» **WORK ORDER**:
Would you return the listing exactly as written, apart from its pictures?

» **DATA EXTRACT**:
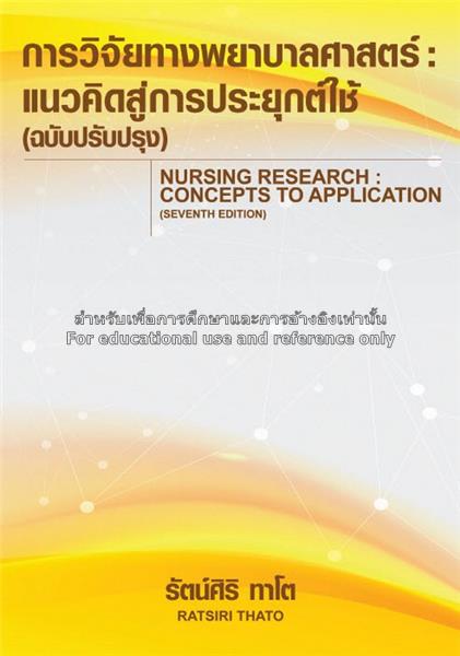 Table of contentsบทนำ -- การทบทวนวรรณกรรม -- ประชากร ตัวอย่าง การคำนวนขนาดตัวอย่างและกลุ่มตัวอย่าง -- ความถูกต้อง ความแม่นยำ ความลำเอียง และตัวแปรกวน -- รูปแบบการศึกษา -- ตัวแปรในงานวิจัย -- การเก็บรวบรวมข้อมูลและแบบเก็บข้อมูล -- แนะนำการใช้โปรแกรม R -- การจัดการข้อมูลด้วยโปรแกรม R -- การวิเคราะห์ข้อมูลเชิงพรรณนาและอนุมานด้วยโปรแกรม R -- การวิเคราะห์การถดถอยเชิงเส้นด้วยโปรแกรม R -- การวิเคราะห์การถดถอยโลจิสติกด้วยโปรแกรม R -- การวิเคราะห์การรอดชีพด้วยโปรแกรม R -- การทดสอบเพื่อการวินิจฉัยโปรแกรม R -- การนำเสนอด้วยภาพ -- การเผยแพร่งานวิจัย
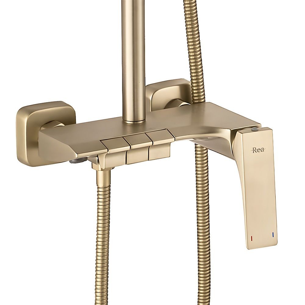 Oceňte eleganciu a modernosť, ktoré ponúka nástenný sprchový set Rea Joe v prevedení Kartáčované Zlato. Ide o ideálne spojenie minimalistického dizajnu a maximálnej funkčnosti, ktoré skvele doplnia vašu kúpeľňu a zachová bezchybný vzhľad. Set je vyrobený z vysoko kvalitných materiálov – mosadze a ABS – čo zaručuje dlhú životnosť, komfort a bezpečné používanie po mnoho rokov. – zaisťuje relaxačný a rovnomerný prúd vody. Nastaviteľná výška hlavovej sprchy – možnosť prispôsobenia ramena pre maximálny komfort. Mosadz a ABS – garantujú pevné telo a odolnosť proti mechanickému poškodeniu. System Anti-Calc – trysky hlavovej aj ručnej sprchy s ochranou proti vodnému kameňu. rýchla a jednoduchá inštalácia (rozstup pripojenia 150 mm). Nástenný sprchový set Rea Joe Kartáčované Zlato je skvelou voľbou pre každého, kto ocenia minimalizmus, kvalitu a nadčasový dizajn. Elegantná kartáčovaná úprava bude štýlovou ozdobou vašej kúpeľne.
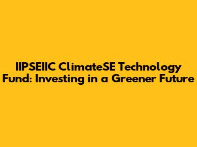 Hey guys! Ever heard of the IIPSEIIC ClimateSE Technology Fund? If you're passionate about tech and saving the planet, this might just be your new favorite thing. Let's dive into what this fund is all about and why it's making waves in the world of sustainable investing. This article should give you a solid understanding of the fund, its objectives, and why it matters in the grand scheme of things.
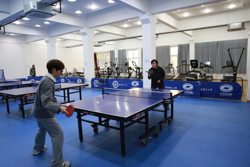 会后交流环节,与会校友们畅谈过去时光,共叙青春往事,共同回忆在华理校园的求学点滴与成长历程,彼此间的真挚情谊在交流中愈加深厚。体育学院04级校友余静微与24级在读研究生郑洪运展开乒乓切磋,这场跨越20年的同台较量,是华理体院两代学子在同一平台上的深情对话,象征着华理乒乓文化薪火相传、生生不息的传承与发展。
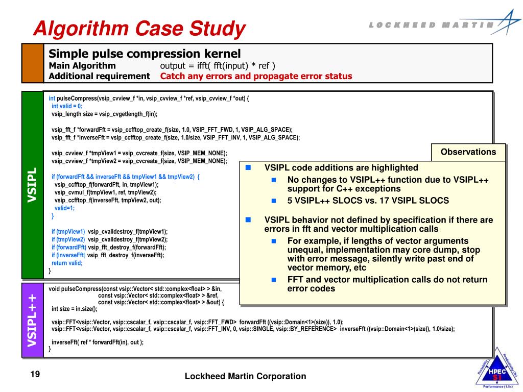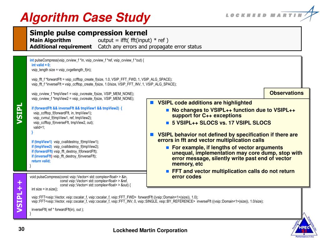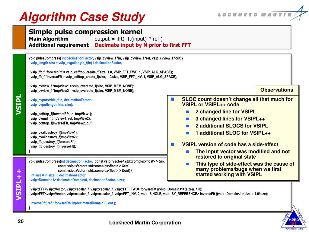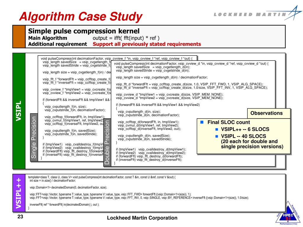 Algorithm Case Study Overview • Goal • Show how we reached some of our VSIPL++ conclusions by walking through the series of steps needed to convert a part of our application from VSIPL to VSIPL++ • Algorithm • Starting point • Simplified version of a pulse compression kernel • Math: output = ifft( fft(input) * reference) • Add requirements • Error handling • Decimate input • Support both single and double precision • Port application to embedded system
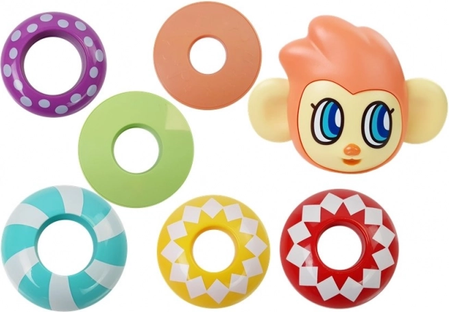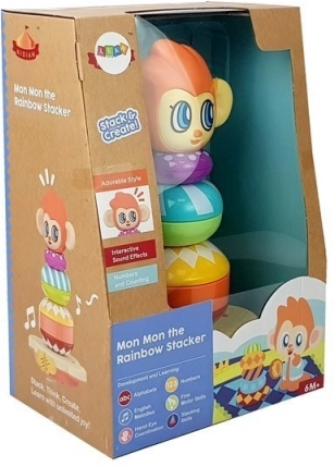 Det attraktive abemotiv og de livlige farver fastholder barnets opmærksomhed og motiverer til mere udforskning og stabling.
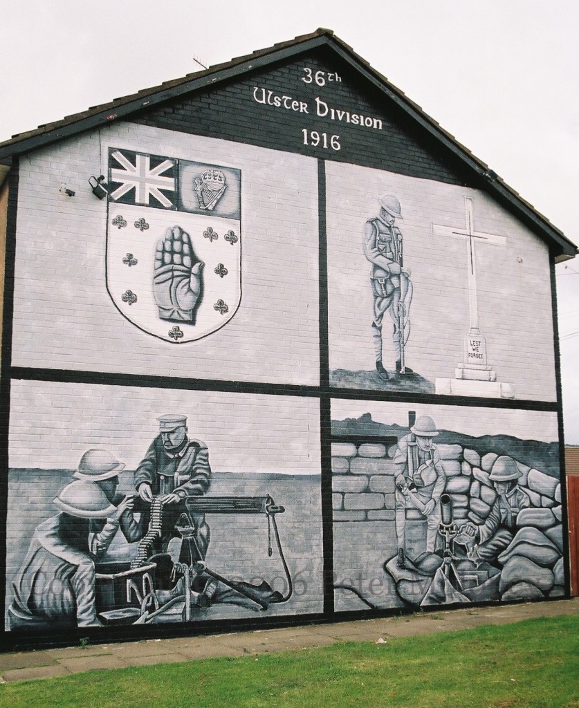 This is a Monkstown WWI mural in four quadrants, showing the emblem of the 36th (Ulster) Division, a soldier at the cross in the Thiepval Cemetery, soldiers feeding a belt of ammunition into a Vicker’s machine gun, and others loading a Stokes mortar.
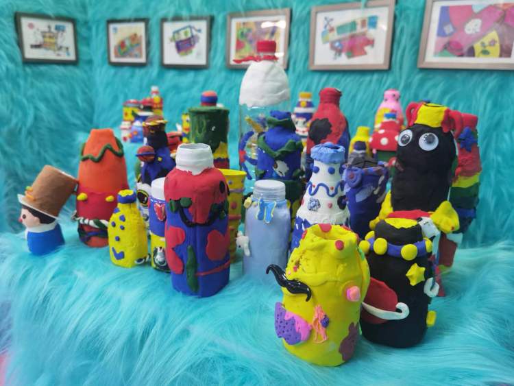 而在学校南面的教学楼层,更成了各个年级的小艺术家们施展才华的场地。一年级学生将语文作品与流体雕塑相结合,二年级的玻璃化装置则承载着艺术与灵魂之间的点“睛”之笔;三年级学生脑洞大开,普通的文具在他们的奇思妙想中,变身为一件件创想平面作品;四年级同学通过聆听、感受、描述等多种方式,将音乐与美术融合渗透,用画笔描绘出一幅幅音画;五年级的学生们更是展现出了他们在校五年的艺术学习成果。废旧的材料被化腐朽为神奇,搭建出一栋栋童话快乐小屋……
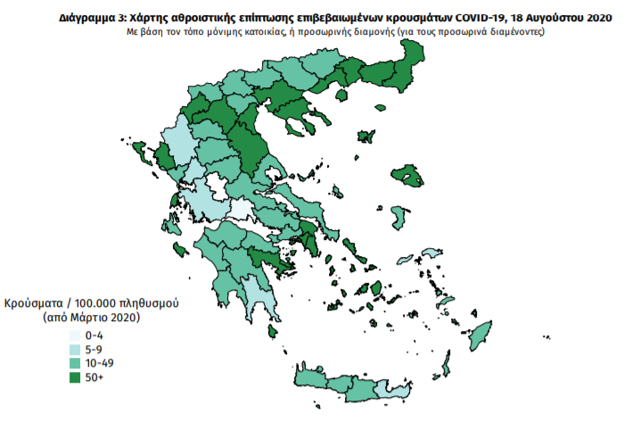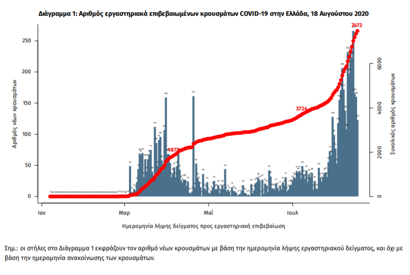 Τα στοιχεία που παρουσιάζονται αφορούν περιστατικά από την επιδημιολογική επιτήρηση της νόσου από το νέο κορωνοϊό (COVID19), με βάση τα δεδομένα που έχουν δηλωθεί στον ΕΟΔΥ και καταγραφεί μέχρι τις 18 Αυγούστου 2020 (ώρα 15:00).
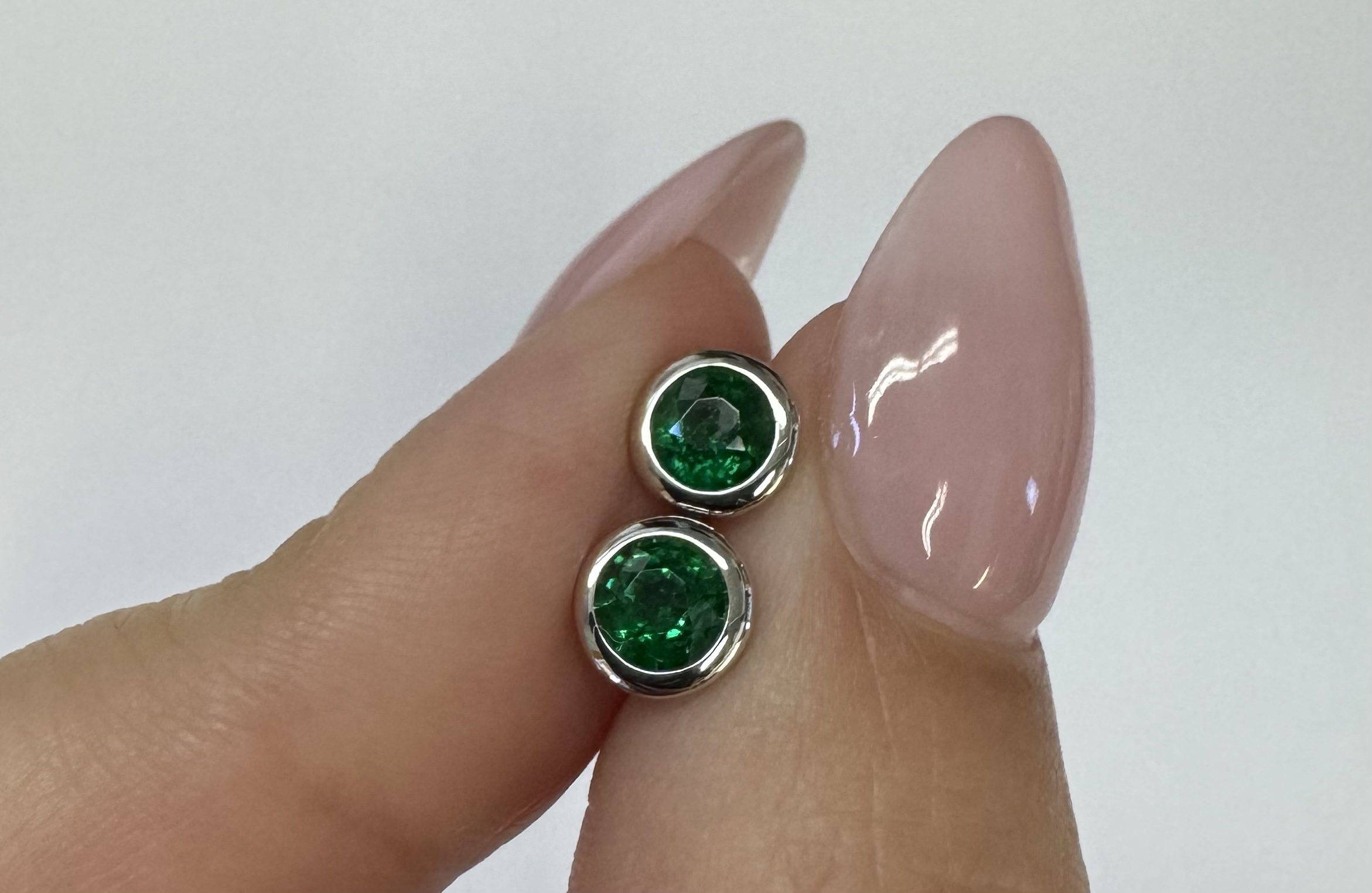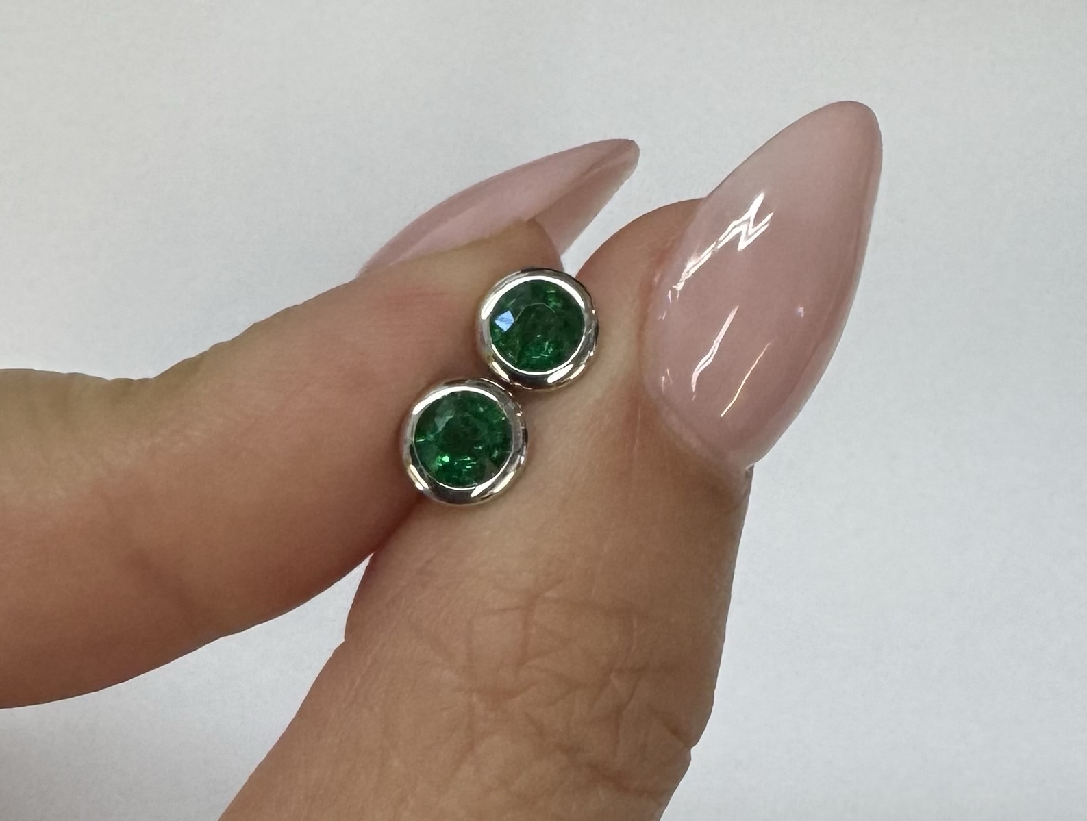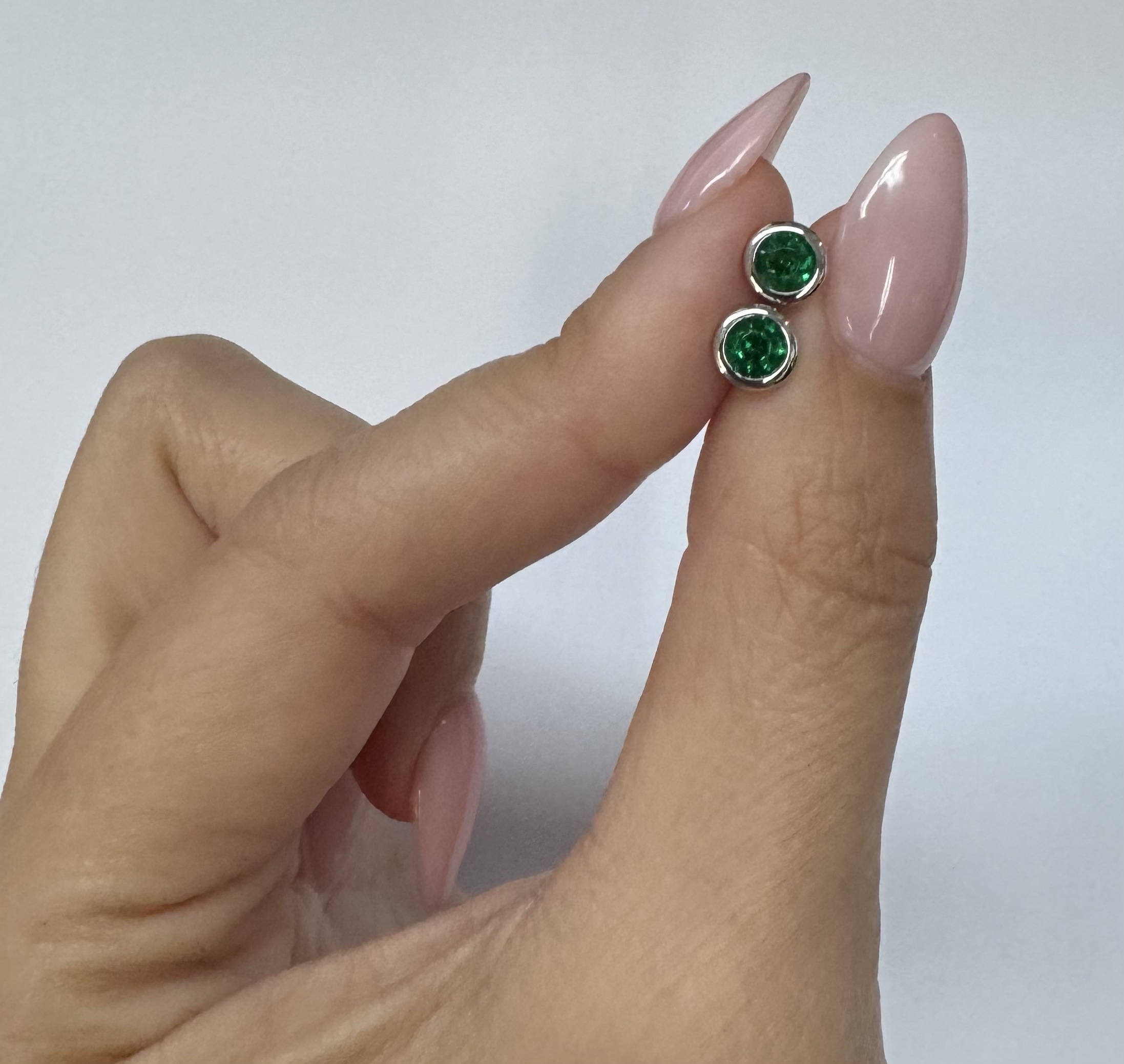 14k yellow gold genuine round, faceted .62 cttw Emerald (May birthstone) delicate bezel set stud earrings. These earrings have an entire weight of 1.1 grams.

» **RESULT**:
 Table of contentsบทนำ -- การทบทวนวรรณกรรม -- ประชากร ตัวอย่าง การคำนวนขนาดตัวอย่างและกลุ่มตัวอย่าง -- ความถูกต้อง ความแม่นยำ ความลำเอียง และตัวแปรกวน -- รูปแบบการศึกษา -- ตัวแปรในงานวิจัย -- การเก็บรวบรวมข้อมูลและแบบเก็บข้อมูล -- แนะนำการใช้โปรแกรม R -- การจัดการข้อมูลด้วยโปรแกรม R -- การวิเคราะห์ข้อมูลเชิงพรรณนาและอนุมานด้วยโปรแกรม R -- การวิเคราะห์การถดถอยเชิงเส้นด้วยโปรแกรม R -- การวิเคราะห์การถดถอยโลจิสติกด้วยโปรแกรม R -- การวิเคราะห์การรอดชีพด้วยโปรแกรม R -- การทดสอบเพื่อการวินิจฉัยโปรแกรม R -- การนำเสนอด้วยภาพ -- การเผยแพร่งานวิจัย
 Oceňte eleganciu a modernosť, ktoré ponúka nástenný sprchový set Rea Joe v prevedení Kartáčované Zlato. Ide o ideálne spojenie minimalistického dizajnu a maximálnej funkčnosti, ktoré skvele doplnia vašu kúpeľňu a zachová bezchybný vzhľad. Set je vyrobený z vysoko kvalitných materiálov – mosadze a ABS – čo zaručuje dlhú životnosť, komfort a bezpečné používanie po mnoho rokov. – zaisťuje relaxačný a rovnomerný prúd vody. Nastaviteľná výška hlavovej sprchy – možnosť prispôsobenia ramena pre maximálny komfort. Mosadz a ABS – garantujú pevné telo a odolnosť proti mechanickému poškodeniu. System Anti-Calc – trysky hlavovej aj ručnej sprchy s ochranou proti vodnému kameňu. rýchla a jednoduchá inštalácia (rozstup pripojenia 150 mm). Nástenný sprchový set Rea Joe Kartáčované Zlato je skvelou voľbou pre každého, kto ocenia minimalizmus, kvalitu a nadčasový dizajn. Elegantná kartáčovaná úprava bude štýlovou ozdobou vašej kúpeľne.
 Hey guys! Ever heard of the IIPSEIIC ClimateSE Technology Fund? If you're passionate about tech and saving the planet, this might just be your new favorite thing. Let's dive into what this fund is all about and why it's making waves in the world of sustainable investing. This article should give you a solid understanding of the fund, its objectives, and why it matters in the grand scheme of things.
 会后交流环节,与会校友们畅谈过去时光,共叙青春往事,共同回忆在华理校园的求学点滴与成长历程,彼此间的真挚情谊在交流中愈加深厚。体育学院04级校友余静微与24级在读研究生郑洪运展开乒乓切磋,这场跨越20年的同台较量,是华理体院两代学子在同一平台上的深情对话,象征着华理乒乓文化薪火相传、生生不息的传承与发展。
 Algorithm Case Study Overview • Goal • Show how we reached some of our VSIPL++ conclusions by walking through the series of steps needed to convert a part of our application from VSIPL to VSIPL++ • Algorithm • Starting point • Simplified version of a pulse compression kernel • Math: output = ifft( fft(input) * reference) • Add requirements • Error handling • Decimate input • Support both single and double precision • Port application to embedded system
 Det attraktive abemotiv og de livlige farver fastholder barnets opmærksomhed og motiverer til mere udforskning og stabling.
 This is a Monkstown WWI mural in four quadrants, showing the emblem of the 36th (Ulster) Division, a soldier at the cross in the Thiepval Cemetery, soldiers feeding a belt of ammunition into a Vicker’s machine gun, and others loading a Stokes mortar.
 而在学校南面的教学楼层,更成了各个年级的小艺术家们施展才华的场地。一年级学生将语文作品与流体雕塑相结合,二年级的玻璃化装置则承载着艺术与灵魂之间的点“睛”之笔;三年级学生脑洞大开,普通的文具在他们的奇思妙想中,变身为一件件创想平面作品;四年级同学通过聆听、感受、描述等多种方式,将音乐与美术融合渗透,用画笔描绘出一幅幅音画;五年级的学生们更是展现出了他们在校五年的艺术学习成果。废旧的材料被化腐朽为神奇,搭建出一栋栋童话快乐小屋……
 Τα στοιχεία που παρουσιάζονται αφορούν περιστατικά από την επιδημιολογική επιτήρηση της νόσου από το νέο κορωνοϊό (COVID19), με βάση τα δεδομένα που έχουν δηλωθεί στον ΕΟΔΥ και καταγραφεί μέχρι τις 18 Αυγούστου 2020 (ώρα 15:00).
 14k yellow gold genuine round, faceted .62 cttw Emerald (May birthstone) delicate bezel set stud earrings. These earrings have an entire weight of 1.1 grams.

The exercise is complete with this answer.